The state has planned to award dozens of dispensary licenses to individuals who were adversely impacted by erstwhile marijuana laws. And last summer, Arizona introduced classes for social equity applicants “to ensure that social equity applicants are prepared for the application process and the challenges of running a marijuana business,” the state’s Department of Health Services said at the time.

The classes entailed “two days of content and education focused on a number of aspects of operating an adult-use marijuana business, including legal requirements, business practices, regulatory compliance, and fundraising, as well as marketing and strategic growth.”

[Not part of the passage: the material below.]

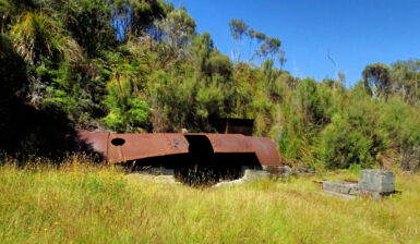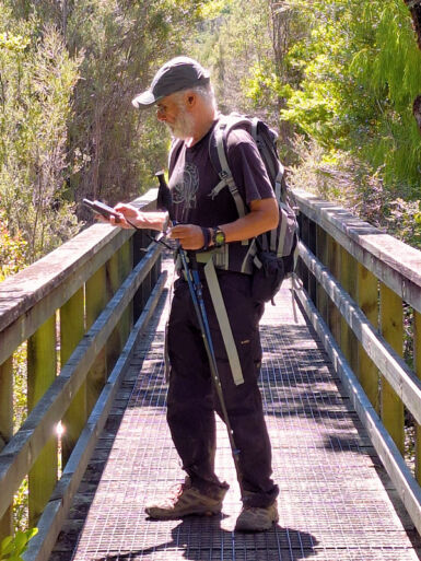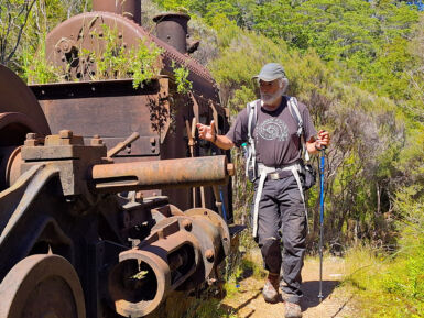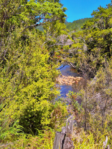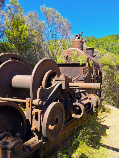 Auf einer Hängebrücke überqueren wir den Charming Creek und erreichen bald darauf die Ruinen der Watson’s Mill Sägemühle, deren Dampfkessel und andere rostige Relikte in der sich regenerierenden Buschlandschaft von Watson’s Mill liegen.

“The social equity ownership program is intended to promote the ownership and operation of licensed Marijuana Establishments by individuals from communities disproportionately impacted by the enforcement of previous marijuana laws,” the department said in the announcement last August. “Social equity license holders will be required to comply with all statutes and rules that govern Adult-Use Marijuana Establishment licenses, including obtaining approval to operate before opening their retail location. Additionally, social equity license holders will be required to develop and implement policies to document how the Marijuana Establishment will provide a benefit to one or more communities disproportionately affected by the enforcement of Arizona’s previous marijuana laws.”